Social Care – a huge challenge for local authority procurement

I wrote this before this week's shocking Panorama programme on UK TV featuring abuse of patients in a private hospital / care home; obviously another issue that makes this such a difficult and sensitive area.

I bought shares in Southern Cross plc, the UK’s largest provider of care homes, around 5 years ago – it seemed to me it was a market that could only expand.  Southern Cross is now teetering on the edge of bankruptcy, and I’ve lost 98% of my money.  Why?

The particular Southern Cross reasons illustrate why this market is arguably dysfunctional and is building up to be such a problem for the UK State, procurement people and of course all of us who may need the services of care homes, for ourselves or our families. Southern Cross problems arose to a large extent through their strategy of selling off the freehold of their properties and leasing them back.  Perhaps they weren’t canny enough in those negotiations, but they seem to be stuck in upwards only lease deals, which they now can’t afford, because their revenues are not increasing to keep pace.

That’s because local authorities represent such a large part of the market, and their financial issues mean that they haven’t been prepared to pay increasing rates.  You can charge individual residents a bit more – but it’s not an inelastic market, and as individuals’ money runs out, their fees fall back onto the State. Certainly in some parts of the country, the local authority is virtually a monopoly buyer.

Meanwhile, let’s think about the cost structure for a care home.  Excluding the property itself, the number one cost is labour.  That’s going to rise with earnings, which in the medium term usually exceeds retail inflation (and the minimum wage has gone up faster than inflation).  Number 2 cost – probably food? We know what is happening to food inflation.  Number 3 – utilities.  As above – and that isn’t going to change with climate levies and so on.

And legislation, although well-intentioned and designed to protect residents, has brought more cost pressures on homes. So costs are going to continue to rise faster than general inflation I would suggest, while local authority budgets get tighter and tighter. And don’t forget, we will soon move into a generation where fewer pensioners have healthy final salary pensions, which might have helped cover nursing home fees.

What else makes this a difficult market? Well, it is very slow moving in terms of competitive pressure. It is difficult to move residents from one home to another. If Southern Cross does go under, it will be a nightmare for councils. So good – or bad – performance is not rewarded quickly in the way that happens in more dynamic markets, where a firm with a cost or quality disadvantage would lose market share as consumers switch to competitors.  Here, the more likely outcome for a supplier is the slow lingering decline. It’s also a market where it is hard to see how providers can drive efficiency aggressively – providing fewer staff has obvious implications for care, and turning down the heating or reducing food quality are not attractive options.

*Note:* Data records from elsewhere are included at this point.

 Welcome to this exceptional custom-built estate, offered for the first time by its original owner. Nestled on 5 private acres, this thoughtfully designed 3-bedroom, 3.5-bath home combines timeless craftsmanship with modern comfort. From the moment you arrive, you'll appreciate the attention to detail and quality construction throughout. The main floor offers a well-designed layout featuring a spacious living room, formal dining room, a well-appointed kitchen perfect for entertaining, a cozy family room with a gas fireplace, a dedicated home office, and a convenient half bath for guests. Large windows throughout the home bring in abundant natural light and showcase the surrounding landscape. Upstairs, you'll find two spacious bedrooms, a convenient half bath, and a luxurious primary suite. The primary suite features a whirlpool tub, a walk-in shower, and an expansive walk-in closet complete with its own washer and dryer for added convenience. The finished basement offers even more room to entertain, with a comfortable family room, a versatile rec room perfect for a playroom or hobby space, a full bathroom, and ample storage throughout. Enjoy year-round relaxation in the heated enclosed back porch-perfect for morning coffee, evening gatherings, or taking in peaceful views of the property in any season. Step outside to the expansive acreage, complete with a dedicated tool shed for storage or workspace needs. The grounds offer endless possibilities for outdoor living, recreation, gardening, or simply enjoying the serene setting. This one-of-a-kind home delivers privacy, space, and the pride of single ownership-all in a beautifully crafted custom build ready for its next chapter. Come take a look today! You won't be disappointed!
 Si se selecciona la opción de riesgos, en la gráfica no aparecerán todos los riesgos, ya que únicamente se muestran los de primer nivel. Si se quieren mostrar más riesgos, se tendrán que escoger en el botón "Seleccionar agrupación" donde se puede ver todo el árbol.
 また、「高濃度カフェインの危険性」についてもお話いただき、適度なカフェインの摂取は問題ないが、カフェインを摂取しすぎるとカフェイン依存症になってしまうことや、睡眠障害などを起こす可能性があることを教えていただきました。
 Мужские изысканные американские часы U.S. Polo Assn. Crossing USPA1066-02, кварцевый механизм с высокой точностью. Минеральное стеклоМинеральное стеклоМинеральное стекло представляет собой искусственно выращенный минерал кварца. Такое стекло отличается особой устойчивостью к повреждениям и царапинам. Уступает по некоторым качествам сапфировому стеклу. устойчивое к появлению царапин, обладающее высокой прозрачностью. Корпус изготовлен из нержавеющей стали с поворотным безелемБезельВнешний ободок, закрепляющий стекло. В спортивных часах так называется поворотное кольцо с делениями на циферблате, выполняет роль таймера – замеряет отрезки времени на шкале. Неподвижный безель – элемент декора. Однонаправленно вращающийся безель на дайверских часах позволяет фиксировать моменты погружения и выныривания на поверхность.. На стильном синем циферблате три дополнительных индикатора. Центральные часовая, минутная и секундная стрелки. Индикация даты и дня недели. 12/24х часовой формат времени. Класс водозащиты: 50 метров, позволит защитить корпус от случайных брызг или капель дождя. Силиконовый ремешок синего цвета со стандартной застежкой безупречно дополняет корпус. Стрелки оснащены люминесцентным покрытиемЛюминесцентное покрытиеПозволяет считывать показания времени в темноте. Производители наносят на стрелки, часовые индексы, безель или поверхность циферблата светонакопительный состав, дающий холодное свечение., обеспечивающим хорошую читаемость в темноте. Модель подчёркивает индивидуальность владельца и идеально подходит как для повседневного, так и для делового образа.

This is already one of the public sector’s biggest spend categories. And it has grown by almost 50% in real terms in the last ten years as more people live longer, and (I suspect) fewer families are prepared to look after their ageing relatives themselves.

Local Authorities have reported an increase in Adult Social Service Gross Current Expenditure from £16.1 billion in 2008-09 to £16.8 billion in 2009-10, this is approximately 5 per cent in cash terms and 3 per cent real terms.

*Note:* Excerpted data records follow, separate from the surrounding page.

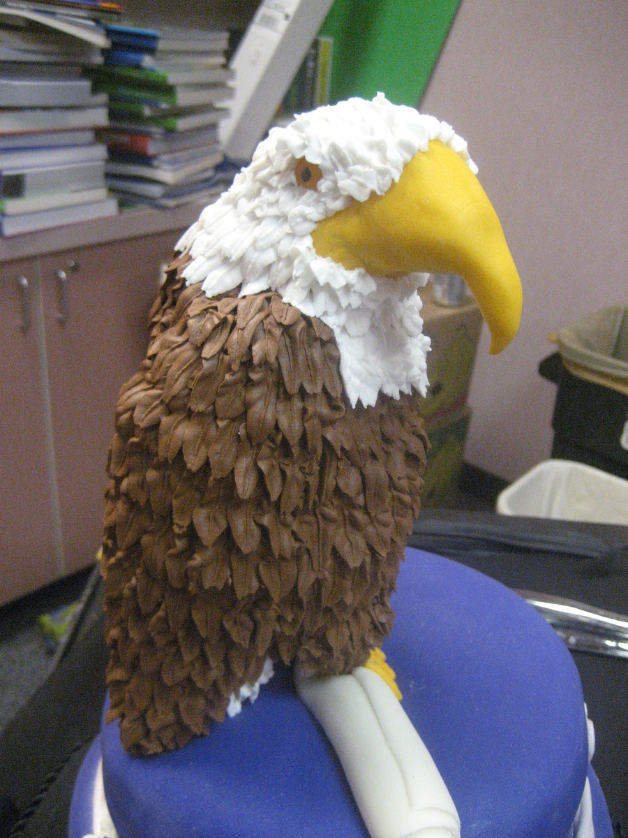 For my daughter's 8th grade class. RKT eagle with royal icing. First attempt at using RKT for modeling. Was a little rushed, we had just gotten back from the week long 8th grade camping trip, when I was asked to do it for the next day. Overall happy with the eagle.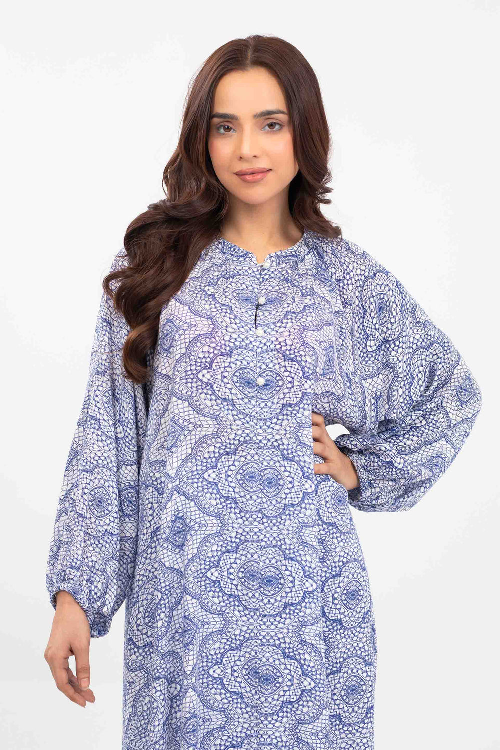 A-line long shirt in printed cotton blend fabrication, featuring ban collar with buttoned placket in front and volumnous sleeves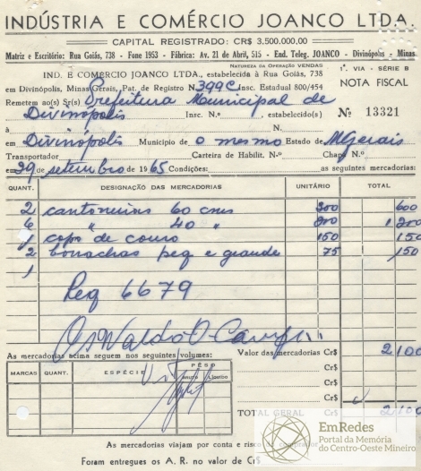 PREFEITURA MUNICIPAL DE DIVINÓPOLIS, 08 DE OUTUBRO DE 1965.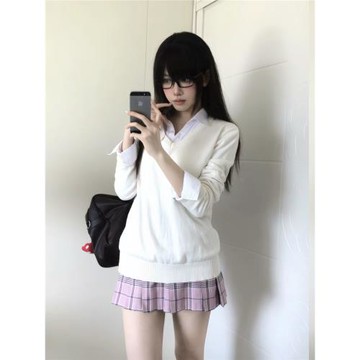 日系jk制服毛衣外套女秋冬疊穿校供感學院風長袖寬松白色針織開衫
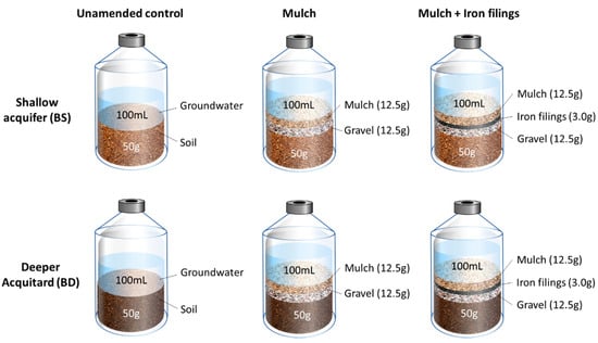 Three different treatment conditions were established, depending on the applied electron donor (Figure 1). The “unamended control” did not receive any exogenous electron donor, in addition to what was already present in the groundwater and in the soil. The “Mulch” treatment contained 12.5 g of finely shredded pine and spruce mulch and 12.5 g of washed river gravel (2–6 mm); the “Mulch + Iron filings” treatment differed from the “Mulch” treatment for the additional presence of 3 g of iron filings as a reducing agent.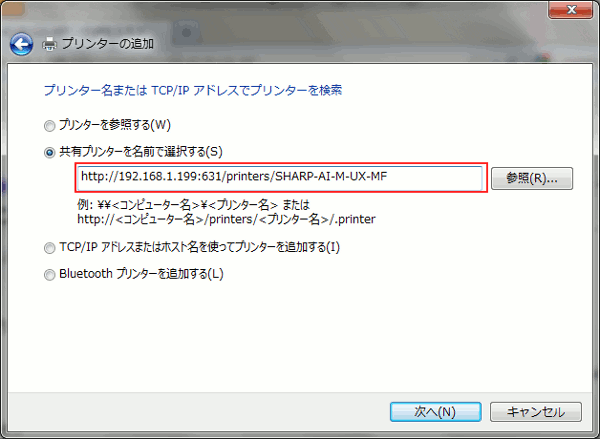 http://プリントサーバ/printers/キュー名ドライバがあれば自動的にインストールされると思いますが、私の環境ではプリンタ追加ウイザードが表示されたので、画面に従いプリンタドライバをインストールしました。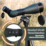 Standard thread interface; use the universal standard ¼-20 tapped hole; you may mount this spotter scope on different size tripods; makes it easier to fit different usages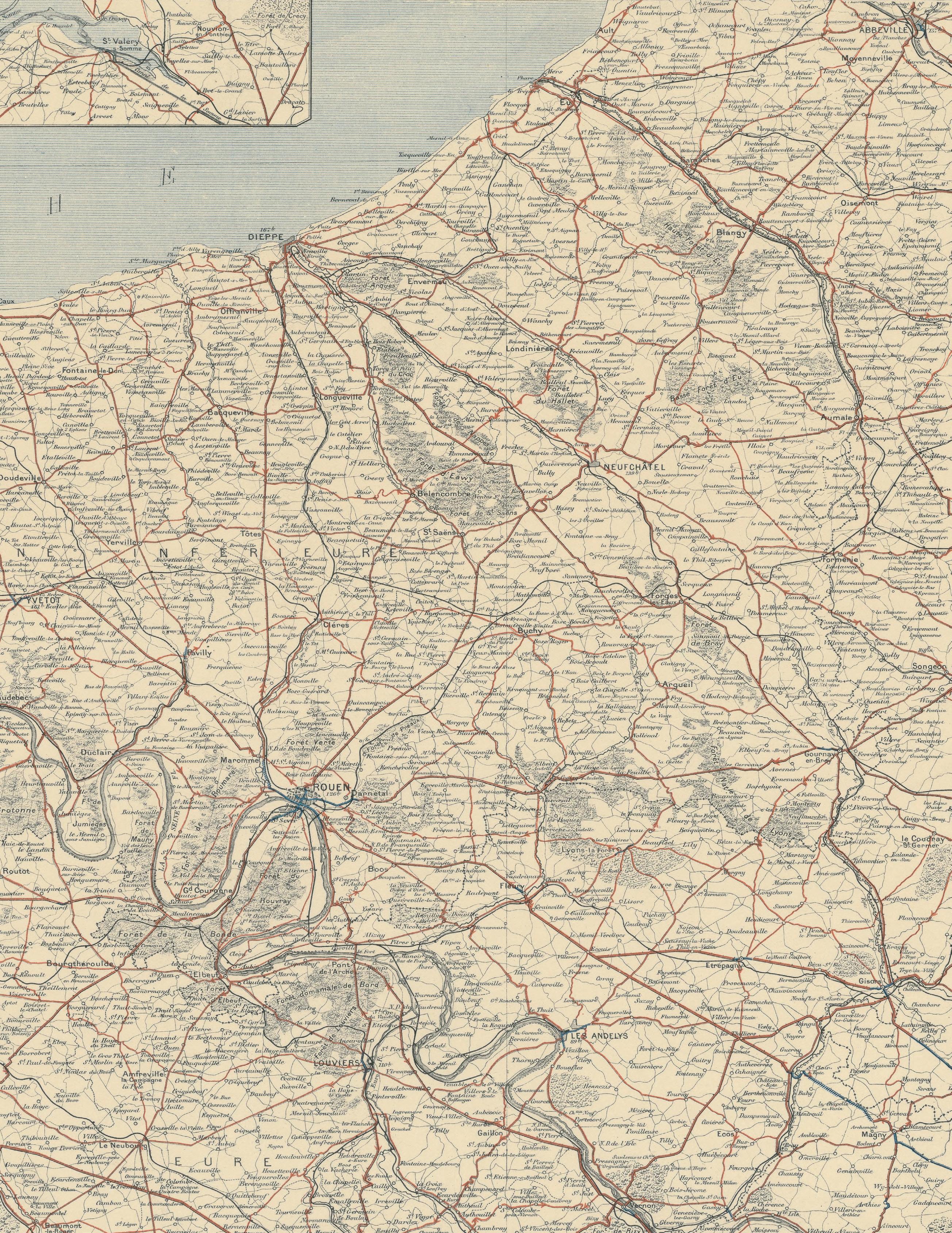 De juin à août, séjour en Normandie où, conseillé par Signac, le couple Marquet s’installe dans une pension de Vieux-Port (Eure), en bordure de Seine. Camoin et Georges Besson leur rendent visite. Il pleut beaucoup et le couple se déplace à Rouen. Pour changer de point de vue, ils vont jusqu’à Canteleu où Marquet peint des vues presque identiques qui se distinguent toutefois par la luminosité ou la présence humaine plus ou moins importante. Lassés de la pluie, ils rejoignent Saint-Jean-de-Luz. Court séjour à Honfleur1

That is not all residential care of course, but spend is only likely to grow, and become more and more of a problem, unless something radical is done.  What might that be? Innovative ways of helping people stay in their own homes for longer? Paying families to look after Grandma?  “Adopt a pensioner” schemes?  Bigger, more ‘automated’ homes to drive economies of scale? Moving residents to countries with lower land and labour costs? Back to the days of relying on charity and the Parish poorhouse (perhaps re-branded as a Big Society initiative?)

Back to procurement; that £16 billion is almost half as much again as the in-scope spend for the Whitehall ‘centralised procurement’ initiative. Think how much press coverage that has had, the seniority of the people in charge of that programme, and how much attention it has at Ministerial level.  Yet here’s a single ‘category’ that is half as big again and is facing a certain crisis – have we seen any big procurement initiatives here?  Do local authorities have a clear market and supplier strategy in place? How are their risk management approaches looking given the Southern Cross situation....

Or does it just fall into the ‘too difficult’ bucket?

But one small consolation to finish with; if you’re a capable category manager in this field, you’re unlikely to be short of work for the rest of your career.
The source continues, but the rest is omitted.